# RECORDED INFORMATION
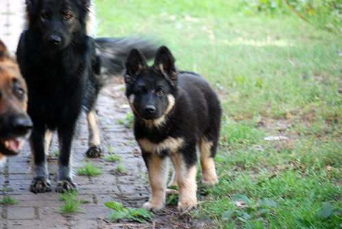 Der süße Arc ist am 16.07.2016 bei uns eingezogen. Er stammt zu 100% aus alten, erbgesunden DDR-Linien mit geradem Rücken und imposantem Körperbau. Arc wurde herzlich in unser Rudel aufgenommen, ist selbstbewußt und offen für alles Neue. Ich hoffe, er darf später mal in die Zucht. Bis dahin muß er aber noch viel lernen und wachsen. Wir freuen uns jedenfalls, daß dieser tolle Krümel jetzt bei uns wohnt, hier Fotos vom 1. Tag in seinem neuen Zuhause mit 8,5 Wochen.
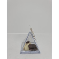 Contenant pyramide en plexi transparent très original et chic avec un moulin à vent, correspondra très bien à un baptême ou une communion. Avec à l'intérieur, 3 dragées amande Avola écrue et 4 dragées au chocolat taupe. Dragées de très bonne qualité dragées amande à 46 % et dragées chocolat à 70 % de cacao, vendus sur notre site pour partager avec vos...
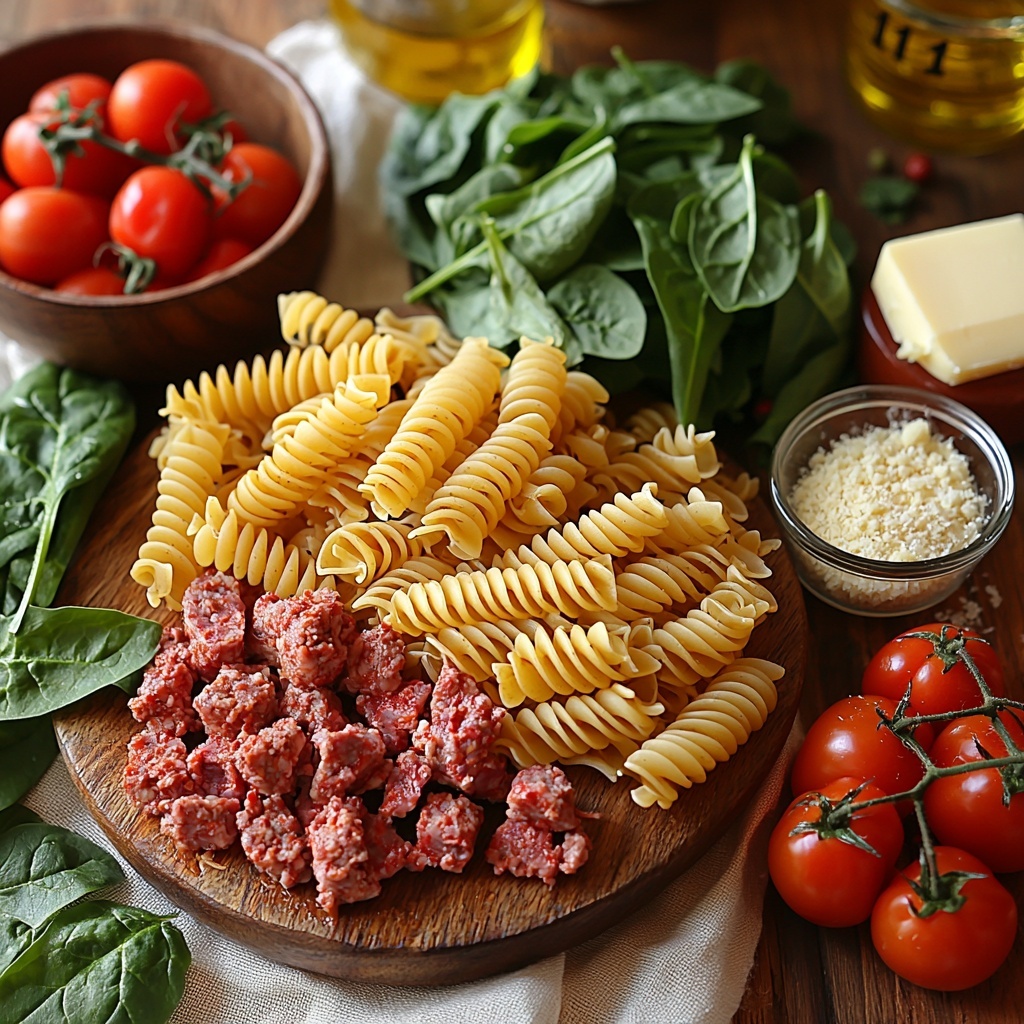Gathering simple, high-quality ingredients is the first step towards making this hearty, soul-warming dish. Every component plays a crucial role: from the robust flavors of the Italian sausage and ground beef, to the creamy butter and fresh garlic that build your sauce, and the spinach that adds a burst of color and nutrition.

# INSTRUCTIONS TO FOLLOW
Find the line with "Contenant pyramide en" in the listing and extract it and all lines after it through the end, exactly, without the pictures.

# TASK ANSWER
 Contenant pyramide en plexi transparent très original et chic avec un moulin à vent, correspondra très bien à un baptême ou une communion. Avec à l'intérieur, 3 dragées amande Avola écrue et 4 dragées au chocolat taupe. Dragées de très bonne qualité dragées amande à 46 % et dragées chocolat à 70 % de cacao, vendus sur notre site pour partager avec vos...
Gathering simple, high-quality ingredients is the first step towards making this hearty, soul-warming dish. Every component plays a crucial role: from the robust flavors of the Italian sausage and ground beef, to the creamy butter and fresh garlic that build your sauce, and the spinach that adds a burst of color and nutrition.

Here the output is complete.